Columnista invitado EE
20 de octubre de 2015 - 02:00 a. m.

El proceso de paz ha avanzado en forma significativa en los últimos meses, y aunque presenta dificultades y enfrenta interpretaciones diversas, debemos admitir que nunca antes se había avanzado tanto en esa ruta.

Si se supera definitivamente la problemática de la justicia transicional, el siguiente paso, el de la terminación del conflicto, deberá resolver lo que en la jerga internacional se conoce como DDR: Desmovilización, Desarme y Reintegración.

Me referiré al desarme, que en nuestro caso se aplicaría en dos ámbitos bien distintos: el que trata de la entrega de las armas de las Farc, como un elemento esencial del acuerdo de La Habana, y el que se refiere al desarme de la sociedad, como un complemento necesario para la construcción del posconflicto, un período nuevo de nuestra historia.

Como elemento esencial del acuerdo de La Habana, las Farc deberán entregar todas sus armas, sin excepción, al Estado o a un tercero, que podría ser la Organización de las Naciones Unidas. Esa entrega deberá hacerse en el territorio nacional, en eventos públicos, frente a las comunidades que han sufrido sus efectos como testigos. Debidamente registradas, las armas deberán luego destruirse; un acto que contribuye de forma emblemática a la construcción de paz, al compromiso de no repetición y a la educación para una nueva sociedad.

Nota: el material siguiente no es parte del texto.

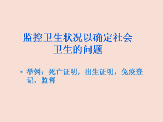 监控卫生状况以确定社会卫生问题的例子包括许多遍布全国的监督系统。当正确的使用死亡证明,出生证明和免疫登记时,所有这些反映了我们的社会卫生并允许我们根据可靠的信息采取一定的行动。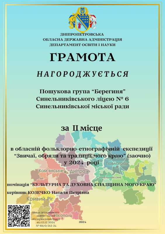 За результатами участі юних пошуковців у експедиції відділ освіти Синельниківської міської територіальної громади нагороджено грамотою Департаменту освіти і науки Дніпропетровської облдержадміністрації (ІІ місце) у номінації «Кращий район/місто».

Puesto que no habrá paz armada ni ejercicio de la política con armas, el rearme o la reincidencia tendrán que tener la más severa sanción. Por otro lado, el Estado, de acuerdo con lo establecido por el Artículo 223 de la Constitución, deberá asegurarse de que las armas que esgrimen sus agentes se usen exclusivamente dentro de los parámetros legales, para defender la soberanía, independencia, integridad territorial y honra y bienes de los ciudadanos. Afortunadamente en Colombia los ciudadanos que portan legalmente un arma lo hacen por concesión del Estado. A diferencia de lo que sucede en otros países, el porte de armas no es un derecho en el país.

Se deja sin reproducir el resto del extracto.